Yongyu Chen is a Chinese American writer and artist. They are the author of Perennial Counterpart (Nightboat Books, 2026), a winner of the 2023 Nightboat Poetry Prize. In 2023, they won Poetry Magazine's Friends of Literature Prize.

== Biography ==
Chen was born in Beijing, China. They grew up in Knoxville, Tennessee, and graduated from Farragut High School, where they competed on the quiz bowl team. As a high school student, they received early recognition for their poetry from The Poetry Society. They received their BA in comparative literature and Spanish from Cornell University.

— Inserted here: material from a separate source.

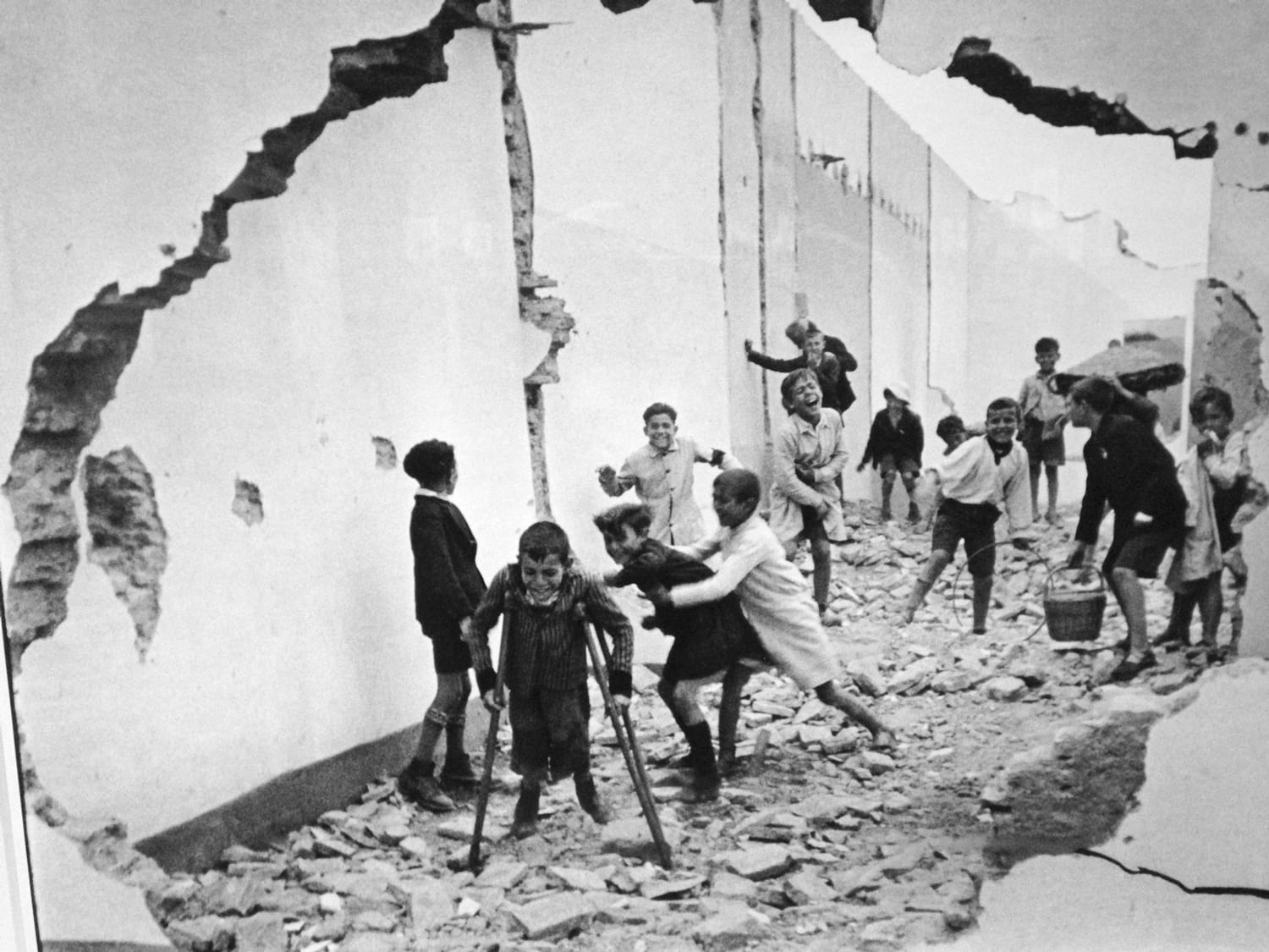 The version in the Family of Man book is not as good as this and I think he took several images with this being his best choice. Look how he has chosen the angle where the background floats neatly above the head of the woman with her hands offering the view before her and the timing of the figure on the left looking at her. This together with the balance of the three figures in the right of the composition. Also the soft tonal graduations with no black to enhance the delicacy of the image.

Their debut poetry collection, Perennial Counterpart, is forthcoming from Nightboat Books. Noting its cinematic quality, Tracy K. Smith described the collection as a "generous, exquisite debut" and praised it for "the lyric conviction animating [Chen]'s work, and the ongoing dialogue—across time, lives, temperaments and texts—that gently yet adamantly stitches us to one another." It was selected as one of Literary Hub’s “Most Anticipated Books of 2026.”

Chen is currently a PhD student in Film and Visual Studies at Harvard University. Their scholarship focuses on "photography, queer theory, potentiality, & the ontology & ethics of worlds." In 2025, they were an ArtTable Fellow at the Public Art Fund. Their poems have appeared in The Paris Review, Poetry, and The Baffler.